Бориса тоже несколько раз перебрасывали из лагеря в лагерь. Весной 1937 года он заболел и был освобожден от тяжелых работ в лесу. Анна, которая посылала ему еду и деньги (последние до него никогда не доходили), написала Пешковой с просьбой помочь Борису попасть в лагерный госпиталь в Медвежьей горе (позднее – Медвежьегорск). Борис направил аналогичный запрос начальнику лагеря; он надеялся, что его если не отправят в госпиталь, то переведут в рабочий корпус Бутырки. Лагерное начальство проигнорировало эти просьбы, а состояние Бориса ухудшалось. Ноги у него опухли, и он не мог ходить. К лету он был уже лежачим.

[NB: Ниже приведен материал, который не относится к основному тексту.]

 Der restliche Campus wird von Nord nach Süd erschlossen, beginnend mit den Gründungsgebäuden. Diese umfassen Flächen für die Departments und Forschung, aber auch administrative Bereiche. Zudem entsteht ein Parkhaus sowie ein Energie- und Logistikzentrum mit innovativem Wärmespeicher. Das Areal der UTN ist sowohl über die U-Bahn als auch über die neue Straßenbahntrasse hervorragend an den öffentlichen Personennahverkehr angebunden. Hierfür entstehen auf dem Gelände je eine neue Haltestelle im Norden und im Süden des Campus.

Улучшенное питание и более мягкие условия содержания, а позднее посещение лагерных врачей вернули Борису здоровье, и к концу года он вновь оказался в бараке на Сеннухе. Зиму он провел на лесоповале, и к весне его здоровье ухудшилось. Ноги опять отекли, в легких появилась жидкость, ему было трудно дышать. Анна пыталась добиться его освобождения, но все ее просьбы были отвергнуты. В начале июля 1938 года Борис понял, что умирает. Он написал матери и дяде Павлу Шереметеву, чтобы они не посылали ему больше продуктов. 2 августа его похоронили на лагерном кладбище на Сеннухе; он умер, меньше месяца не дожив до своего сорок первого дня рождения.

Анна, всегда уповавшая на волю Господа, в конце концов смогла примириться и с этой потерей. Некоторые местные бабы даже прозвали ее «счастливой матерью». «Где же счастье?» – удивлялась Анна. «Счастье, что в страданиях детей у тебя свеча все время Богу горит», – отвечали ей.

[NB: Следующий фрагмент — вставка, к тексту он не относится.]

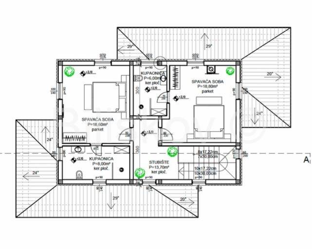 Na prvom katu se nalazi stubište koje zauzima 14,60 m2, dvije kupaonice (8 i 6 m2) te dvije spavaćesobe (18,60 i 18,80 m2).

«Праведники еще есть на Руси, – писал ковровский епископ Афанасий, – которые молят Господа о ее спасении. Если бы не было праведных, Господь уничтожил бы нас. Вот, например, у меня есть знакомая Сабурова Анна – жена бывшего петербургского губернатора. Она лишилась в революцию мужа и отца, в 1932 г. арестовали двух ее сыновей, сама больная, но ни в одном письме ко мне она не возроптала на Господа».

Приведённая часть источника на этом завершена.